MATERIAL PROVIDED —
• • •
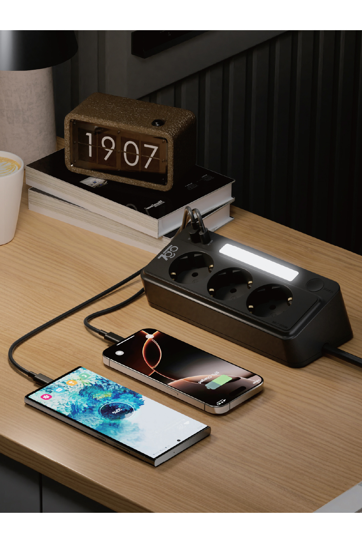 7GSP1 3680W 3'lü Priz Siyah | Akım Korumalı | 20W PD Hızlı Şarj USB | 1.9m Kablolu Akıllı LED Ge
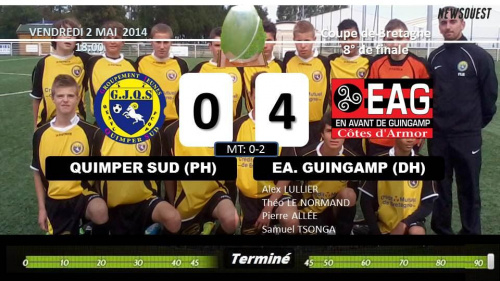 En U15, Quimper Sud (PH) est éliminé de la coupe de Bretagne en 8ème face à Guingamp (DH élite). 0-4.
• • •
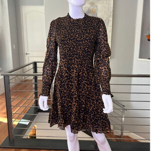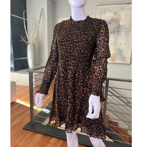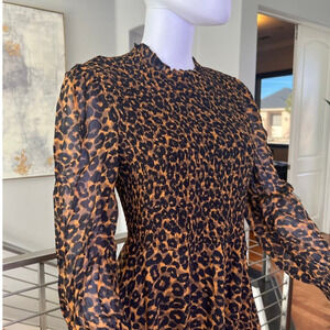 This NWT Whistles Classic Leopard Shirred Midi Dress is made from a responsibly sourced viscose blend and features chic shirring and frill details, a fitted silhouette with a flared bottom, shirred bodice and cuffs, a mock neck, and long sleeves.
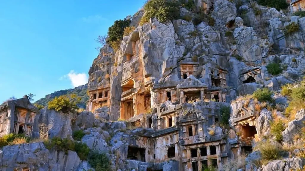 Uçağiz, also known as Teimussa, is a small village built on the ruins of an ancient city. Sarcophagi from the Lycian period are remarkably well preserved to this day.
• • •
TASK DIRECTIONS — Only one stretch of the material above is wanted: the line containing "This NWT Whistles" through the line containing "Uçağiz, also known". Restate it word for word, minus the pictures.

OUTPUT BELOW —
 This NWT Whistles Classic Leopard Shirred Midi Dress is made from a responsibly sourced viscose blend and features chic shirring and frill details, a fitted silhouette with a flared bottom, shirred bodice and cuffs, a mock neck, and long sleeves.
 Uçağiz, also known as Teimussa, is a small village built on the ruins of an ancient city. Sarcophagi from the Lycian period are remarkably well preserved to this day.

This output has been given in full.